Scala, partial functions

问题

Is there any way to create a PartialFunction except through the case statement?

I'm curious, because I'd like to express the following (scala pseudo ahead!)...

val bi = BigInt(_)
if (bi.isValidInt) bi.intValue

... as a partial function, and doing

val toInt : PartialFunction[String, Int] = {
    case s if BigInt(s).isValidInt => BigInt(s).intValue
}

seems redundant since I create a BigInt twice.

回答1:

Not sure I understand the question. But here's my attempt: Why not create an extractor?

object ValidBigInt {
  def unapply(s: String): Option[Int] = {
    val bi = BigInt(s)
    if (bi.isValidInt) Some(bi.intValue) else None
  }
}

val toInt: PartialFunction[String, Int] = {
  case ValidBigInt(i) => i
}

The other option is (and that may answer the question as to whether one can create PartialFunction other than with a case literal):

val toInt = new PartialFunction[String, Int] {
  def isDefinedAt(s: String) = BigInt(s).isValidInt
  def apply(s: String) = BigInt(s).intValue
}

However since the idea of a partial function is that it's only partially defined, in the end you will still do redundant things -- you need to create a big int to test whether it's valid, and then in the function application you create the big int again...
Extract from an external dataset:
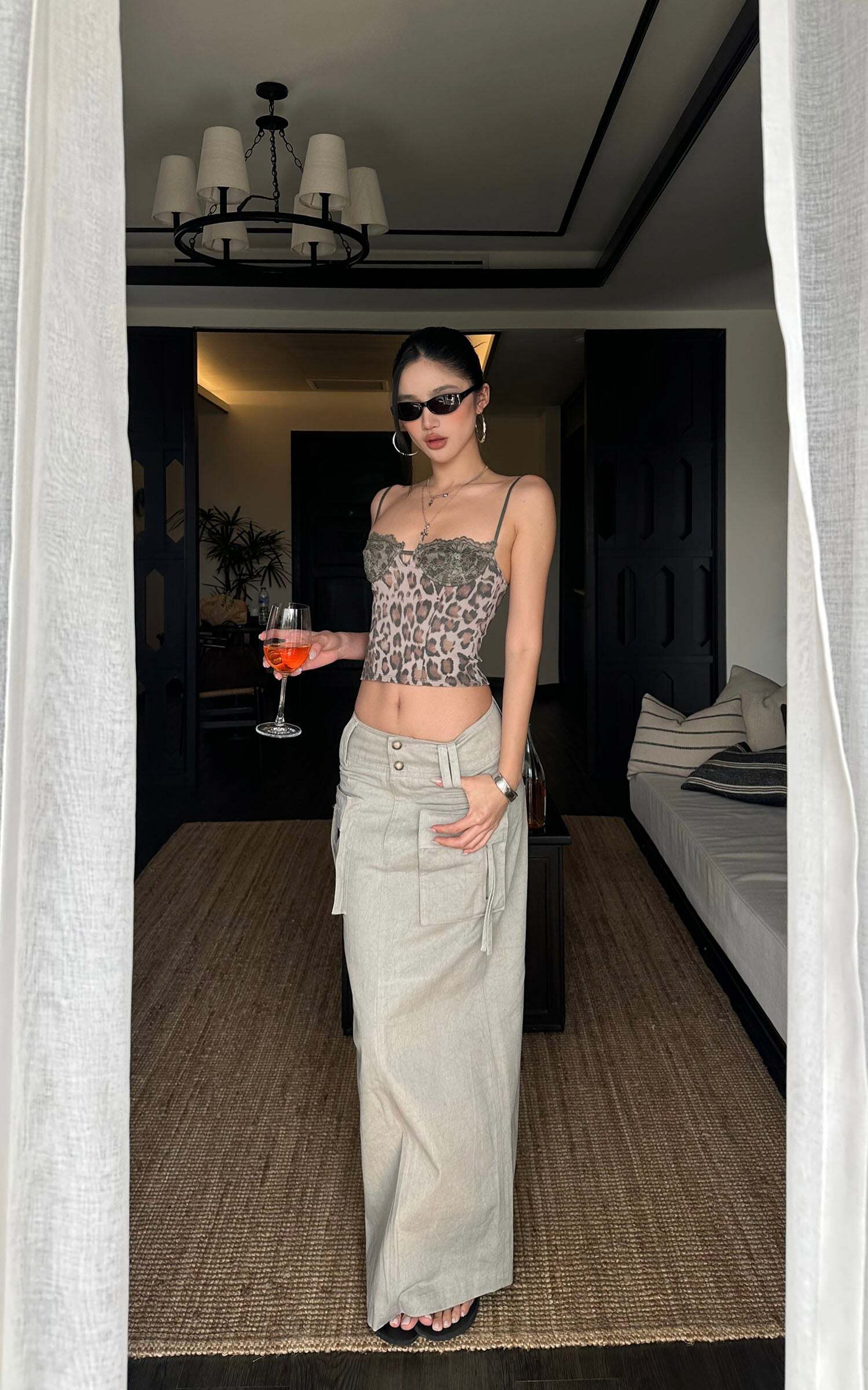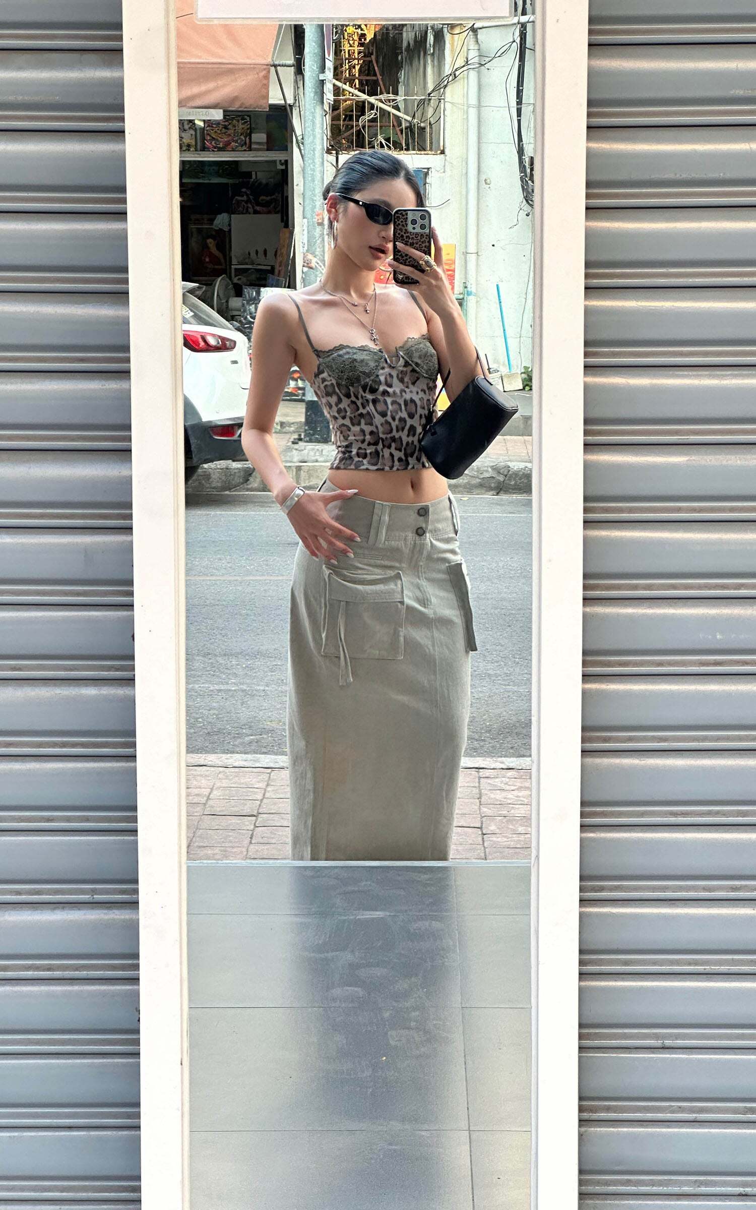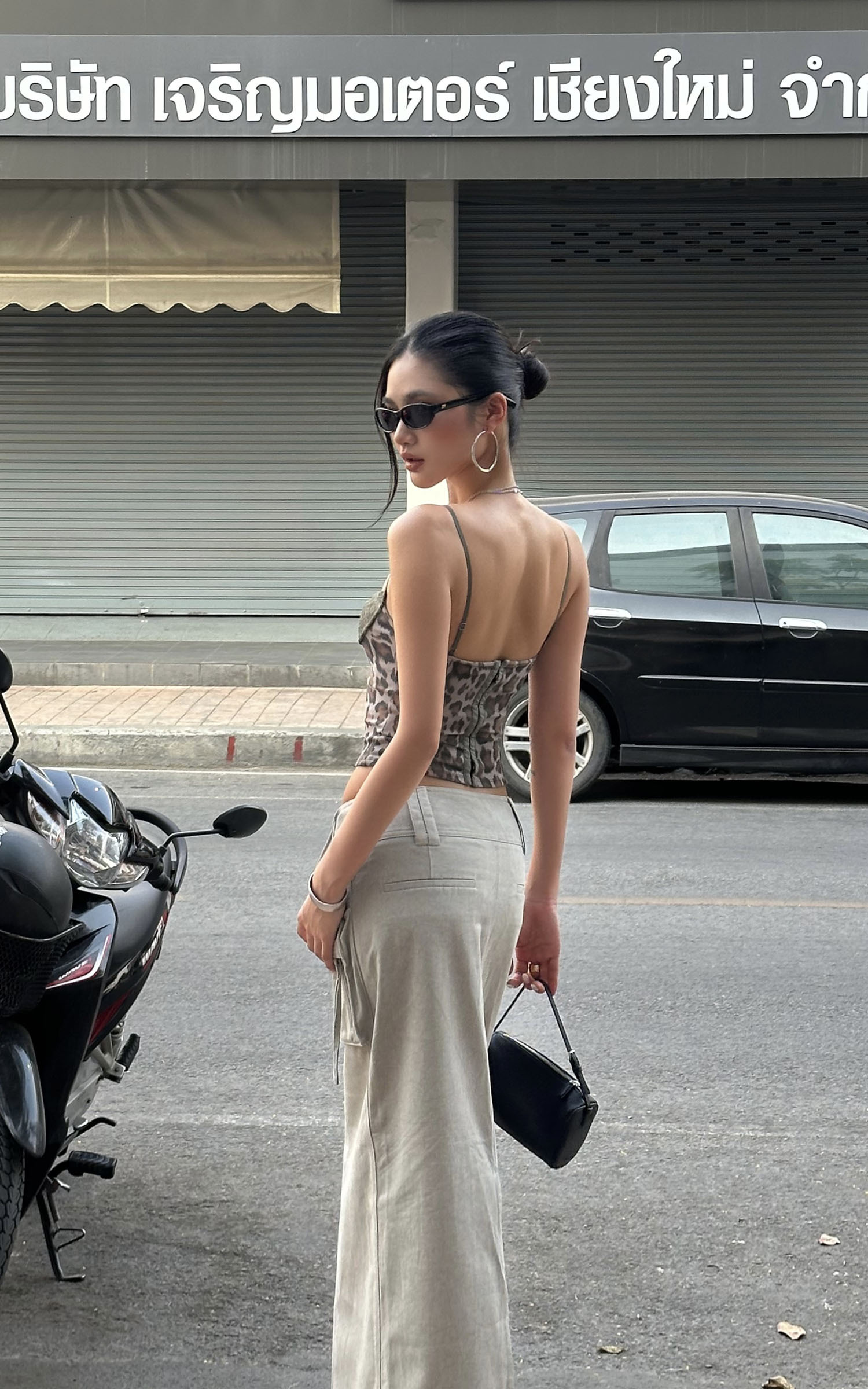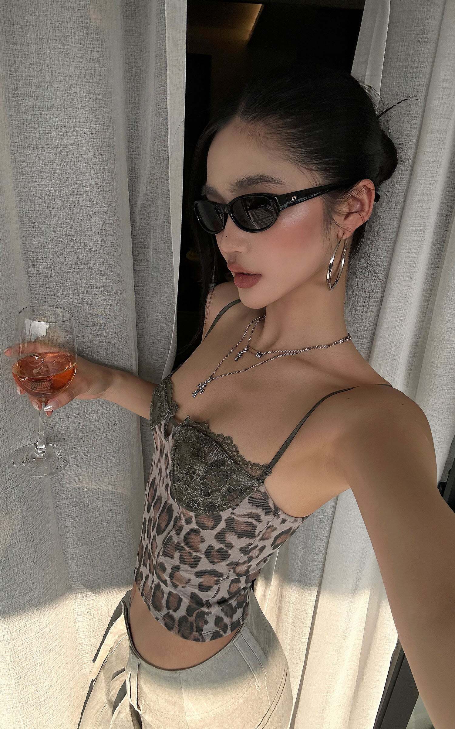 Daring and divine, this corset-inspired cami is a head-turning ode to sensual confidence. Draped in a fierce leopard print with forest green lace cups, it blurs the line between lingerie and outerwear. The hook-and-eye back closure sculpts the figure while the underwire bust lends a flattering lift. Cut from soft ribbed fabric with a touch of stretch, it hugs in all the right places. Pair it with cargo skirts, wide-leg denim, or low-rise tailoring — whatever your weapon, this top plays hard.

I saw a project at Github that tried to come around this by somewhat caching the results from isDefinedAt. If you go down to the benchmarks, you'll see that it turned out to be slower than the default Scala implementation :)

So if you want to get around the double nature of isDefinedAt versus apply, you should just go straight for a (full) function that provides an Option[Int] as result.

回答2:

I think you're looking for lift/unlift. lift takes a partial function and turns it into a function that returns an Option. Unlift takes a function with one argument that returns an option, and returns a partial function.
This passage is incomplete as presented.